Debt is also the result of confrontation. When we are told about economic crisis, nobody says that this crisis has come about suddenly. The crisis had always been there but it got worse each time that popular masses become more and more conscious of their rights against exploiters. We are in a crisis today because the masses refuse that wealth be concentrated in the hands of a few individuals. We are in crisis because some people are saving enormous sums of money in foreign bank accounts that would be enough to develop Africa. We are in a crisis because we are facing this private wealth that we cannot name. The popular masses don’t want to live in ghettos and slums. We are in a crisis because everywhere people are refusing to repeat the problems of Soweto and Johannesburg. There is a struggle, and its intensification is worrying to those with financial power. Now we are asked to be accomplices in a balancing – a balancing favoring those with the financial power; a balancing against the popular masses. No! We cannot be accomplices. No! We cannot go with those who suck our people’s blood and live on our people’s sweat. We cannot follow them in their murderous ways.

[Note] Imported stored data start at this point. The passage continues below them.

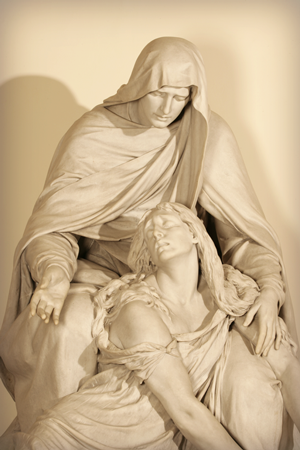 A Pécsi Egyházmegyében Abaligeten szenteltek Mária Magdolna tiszteletére templomot (1796). A pécsi püspökségen több olyan képzőművészeti alkotás is látható, amelyen Mária Magdolna szerepel. A püspöki palotában kapott helyet Zala György 1884-ben készített márvány szoborcsoportja: Mária Magdolnát Szűz Mária lábait átkarolva láthatjuk. A szobrász a két nőalak gesztusaiban, mozdulataiban és érzelmeiben nagyon finoman és érzékletesen mutatja meg a két nő gyászát és vigasztalódását. A Püspöki KincsTár kiállításán egy 18. század közepén készült festményen Mária Magdolna beteget látogatva, vagyis az irgalmasság cselekedeteinek gyakorlása közben jelenik meg. A betegben pedig maga Krisztus ismerhető fel Máté evangéliuma alapján: „Bizony mondom nektek: amikor megtettétek ezt egynek e legkisebb testvéreim közül, nekem tettétek.”
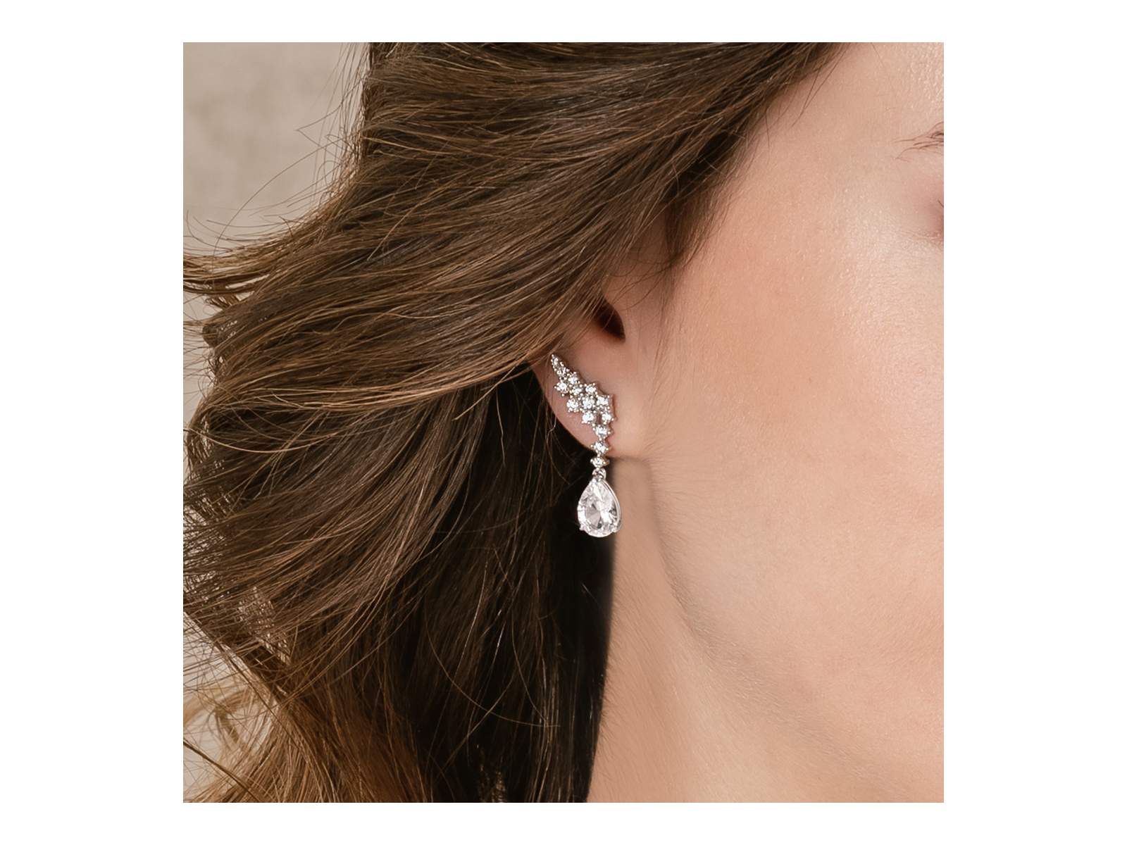 Pendientes de plata de primera ley (925) con baño de rodio y circonita blanca. (tamaño: 3 cm.)
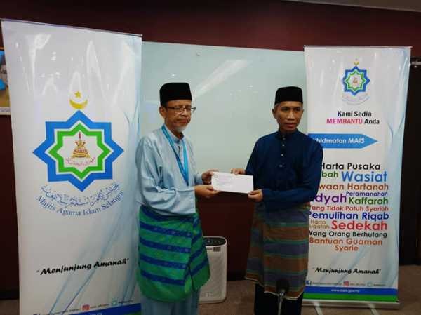 Majlis simbolik penyerahan sumbangan disampaikan oleh Setiausaha Mais Dr Ahmad Shahir Makhtar kepada Mufti Selangor Datuk Dr Anhar Opir serta Ketua Pendakwa Syarie Zainor Rashid Hassin.
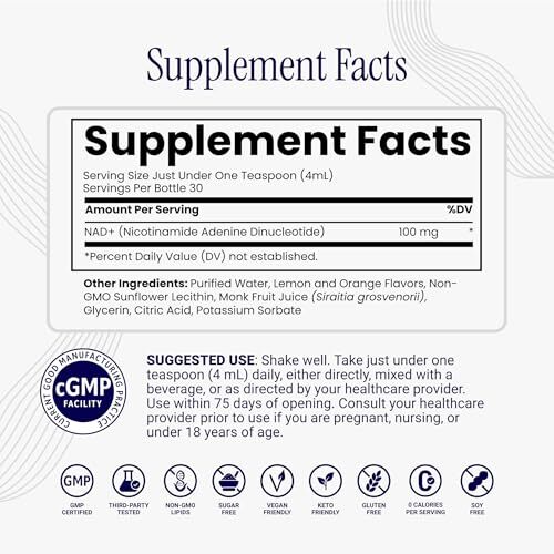 PREMIUM DOCTOR-FORMULATED NAD : This liquid liposomal NAD (Nicotinamide Adenine Dinucleotide) supplement is designed to help support normal cellular health.* NAD plays an important role in supporting ATP energy processes and normal cellular functions involved in cellular maintenance, metabolic health, and healthy aging.* SUPPORTS HEALTHY AGING ENERGY:NAD is found in every living cell and helps support normal energy metabolism. It helps maintain healthy energy levels by supporting the conversion of nutrients into energy and contributes to mitochondrial efficiency, which may help support healthy aging and vitality.* SUPPORTS CELLULAR HEALTH: NAD helps maintain normal cellular processes that contribute to healthy cellular function over time, including supporting sirtuin activity and cellular stress response, which together help support overall cell health.* LIPOSOMAL DELIVERY FOR ABSORPTION: Our liposomal technology is designed to help support absorption by encapsulating NAD in tiny phospholipid spheres, helping protect the nutrient through the digestive process.* CONVENIENT LIQUID FORM: Light, fresh lemon essence flavor. Vegan, sugar free, keto-friendly, non-GMO, gluten, dairy, and soy free. Manufactured in the USA using thoughtfully selected worldwide ingredients in a GMP-certified facility and third-party tested for purity, potency and safety.
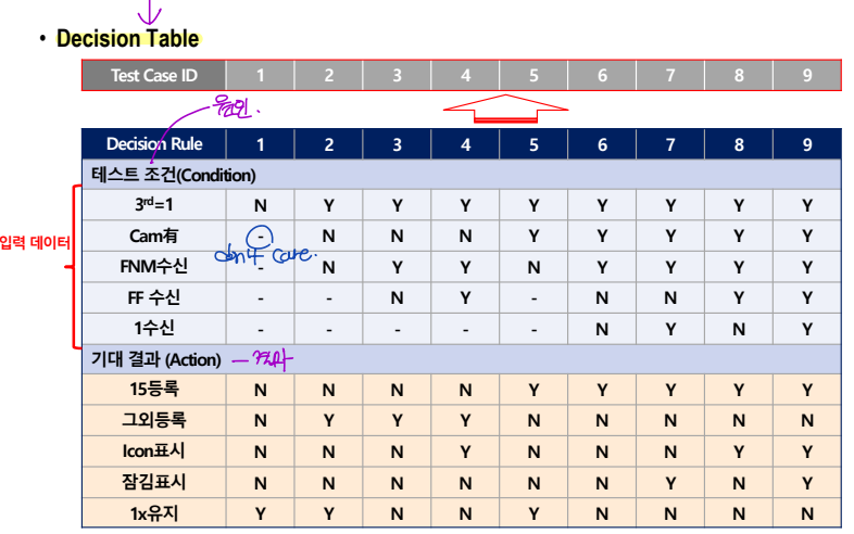 : 입력 조건이 많고 복잡한 경우, 단순화하여 결정 테이블을 만든다.

Mister President, we hear about clubs – the Rome Club, Paris Club, club whatever. We hear about Group of Five, Group of Seven, Group of Ten, and maybe Group of One Hundred. And what else? It is normal that we too have our own club and our own group. Let’s have Addis-Ababa become now the center from which will a new beginning will emerge. An Addis-Ababa Club. It is our duty to create an Addis-Ababa united front against debt. That is the only way to assert that the refusal to repay is not an aggressive move on our part, but a fraternal move to speak the truth. Furthermore, the popular masses of Europe are not opposed to the popular masses of Africa. Those who want to exploit Africa are those who exploit Europe, too. We have a common enemy. So our Addis-Ababa Club will have to explain to each and all that debt shall not be repaid. And by saying that, we are not against morals, dignity and keeping one’s word. We think we don’t have the same morality as others. The rich and the poor do not have the same morality. The Bible, the Koran cannot serve those who exploit the people and those who are exploited in the same way. It could be used in favor of both sides, there should be two different editions of the Bible and two different editions of the Koran. We cannot accept to be told about dignity. We cannot accept to be told about the merit of those who repay and the mistrust toward those who do not. On the contrary, we must recognize today that it is normal for the wealthiest to be the greatest thieves. When a poor man steals it is merely a theft, a petty crime — it is solely about survival and necessity. The rich are the ones who steal from the treasury, customs duties, and who exploit the people.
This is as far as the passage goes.